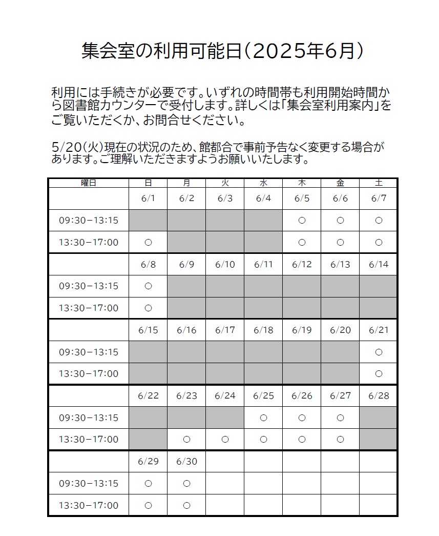 6月の集会室開放について 2025/05/23 図書館2階の集会室を開放しています。読書や自習等にご利用ください。利用には図書館カウンターでの手続きが必要です。詳しくは図書館窓口までお問い合せください。
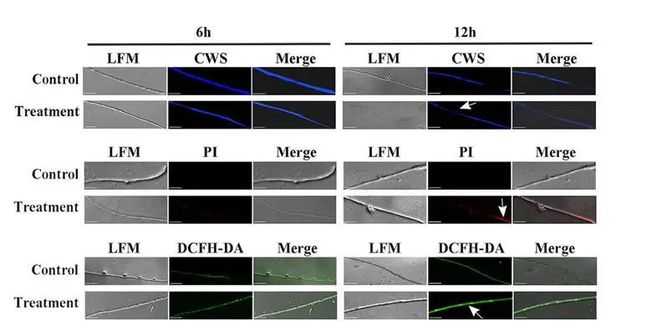图5 C. fuscus HM-E胞外粗酶液对大丽轮枝菌菌丝细胞壁、细胞膜完整性和细胞活性氧积累的影响
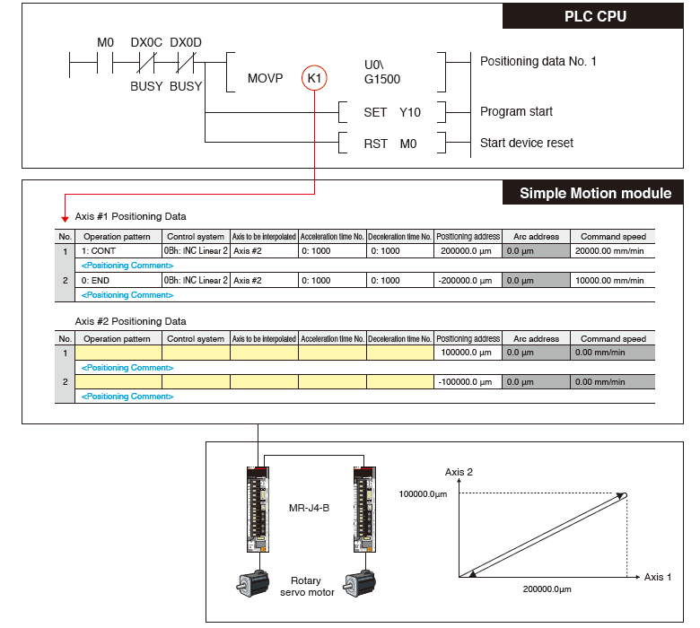 The Simple Motion module starts operation from the designated positioning data No. and continues operation until the operation pattern ends.
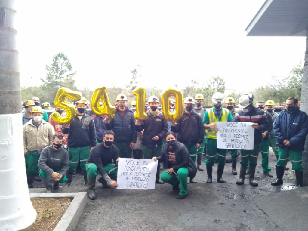 Estamos muito felizes por poder compartilhar esta notícia! Um recorde histórico foi alcançado pelos profissionais da Mina Bonito. A unidade produziu 5.410 toneladas de carvão, volume nunca antes atingido na CCL. Para celebrar este feito histórico, os profissionais foram recebidos no trabalho com cartazes, balões e fogos de confete, em um ato simbólico para reconhecer o empenho de todos. Os diretores Astrid Barato, Sandro Madeira e o engenheiro Evandro Favaretto destacaram a importância do espírito de união e trabalho colaborativo, fundamentais para que a equipe CCL tivesse este resultado. Parabéns a todos!
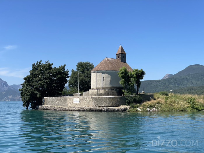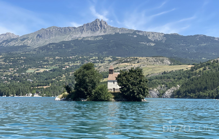 보트는 세르 퐁송 호수의 가장 유명한 랜드마크로 향했다. 바로 생 미셸 예배당(Chapelle Saint-Michel)이다. 댐이 만들어질 때 물에 잠기지 않고 남은 이 예배당은, 지금은 호수 위를 지나는 여행자들에게 가장 인상적인 풍경을 선물한다.
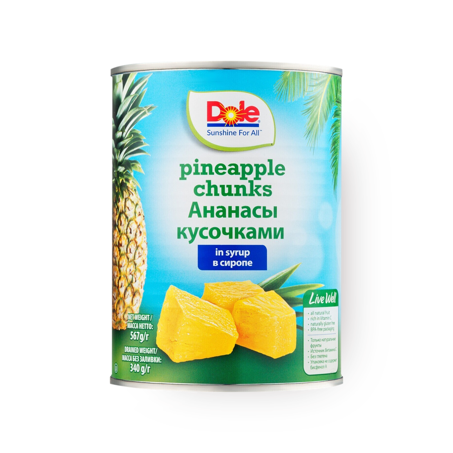 Ананасовые кусочки в сиропе можно добавить в десерты или подать к мороженому. Они сделаны из спелых плодов, которые сохраняют сладость и сочность.
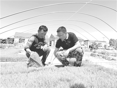 农科院连续34年派驻水稻专家在镇赉县开展科研和帮扶工作,在盐碱地治理、新品种研发、配套种植技术实验等方面取得了突出成绩,助力镇赉成为了吉林省水稻生产第一大县。图为省农科院水稻研究所副研究员马巍(右)在农户家里进行指导。潘晟昱 摄
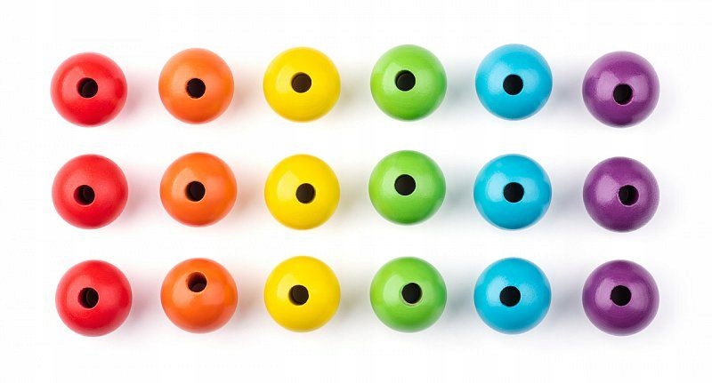 - 18 круглых бусин (по 3 цвета: красный, оранжевый, желтый, зеленый, синий и фиолетовый)
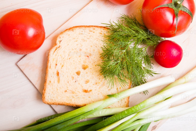 Кусок хлеба, овощи и укроп на деревянном столе, ингредиенты для веганского сэндвича, концепция здорового и вкусного завтрака, вид сверху, место для копирования, макет
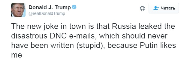 «The new joke in town is that Russia leaked the disastrous DNC e-mails, which should never have been written (stupid!), because Putin likes me».
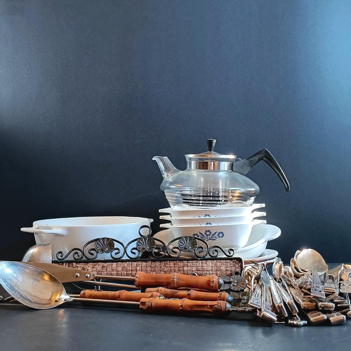 LOT 277: Pyrex Corning Teapot, Community Brand Silverware, Corning Ware Petite Dishes & More
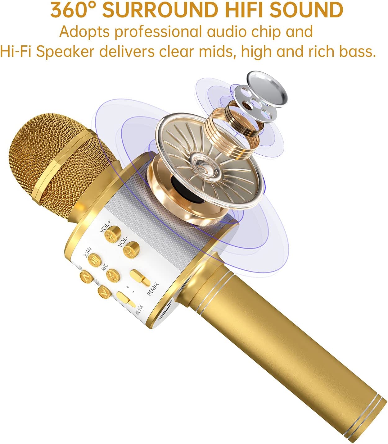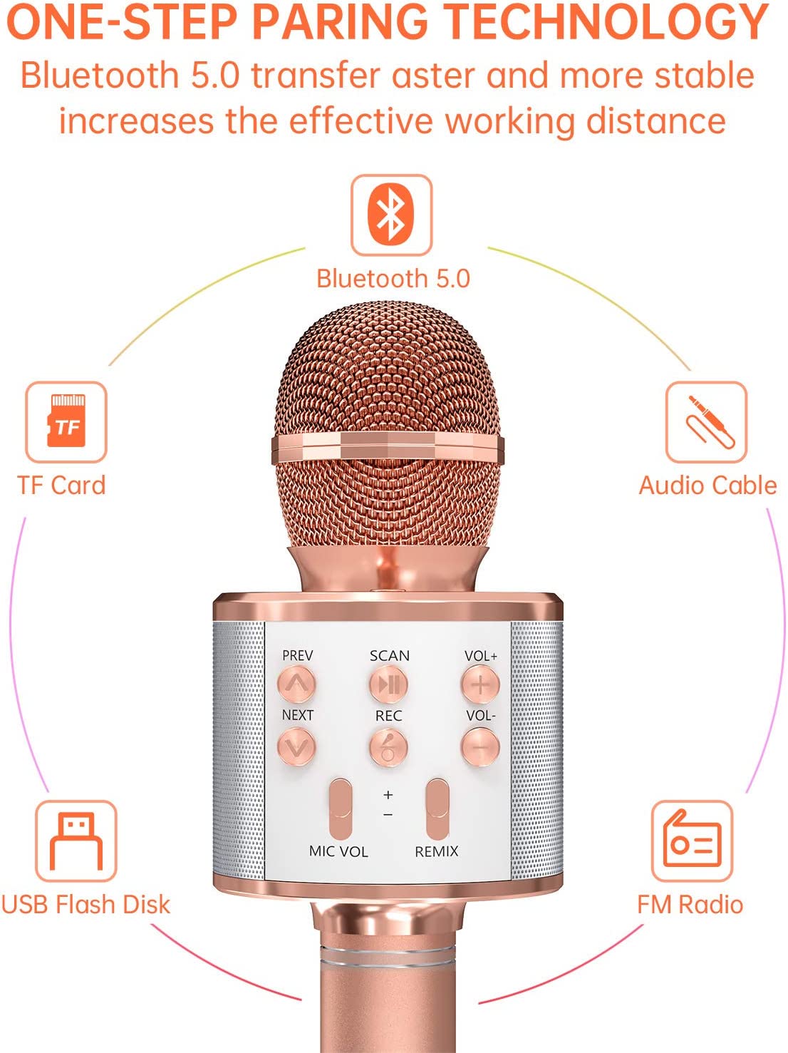 【Great Gifts】The karaoke microphone has a stylish appearance. With this microphone, everywhere is the stage. Let your kids start their little solo concert now. Say goodbye to wired microphone tangles and say hello to the freedom of movement! It is a great birthday or festival gift for your kids, friends, or family.
· · · · · · ·
Exercise: Copy word for word only the lines above from the one with "보트는 세르 퐁송 호수의" through the one with "农科院连续34年派驻水稻专家". Leave pictures out.

Written answer:
 보트는 세르 퐁송 호수의 가장 유명한 랜드마크로 향했다. 바로 생 미셸 예배당(Chapelle Saint-Michel)이다. 댐이 만들어질 때 물에 잠기지 않고 남은 이 예배당은, 지금은 호수 위를 지나는 여행자들에게 가장 인상적인 풍경을 선물한다.
 Ананасовые кусочки в сиропе можно добавить в десерты или подать к мороженому. Они сделаны из спелых плодов, которые сохраняют сладость и сочность.
 农科院连续34年派驻水稻专家在镇赉县开展科研和帮扶工作,在盐碱地治理、新品种研发、配套种植技术实验等方面取得了突出成绩,助力镇赉成为了吉林省水稻生产第一大县。图为省农科院水稻研究所副研究员马巍(右)在农户家里进行指导。潘晟昱 摄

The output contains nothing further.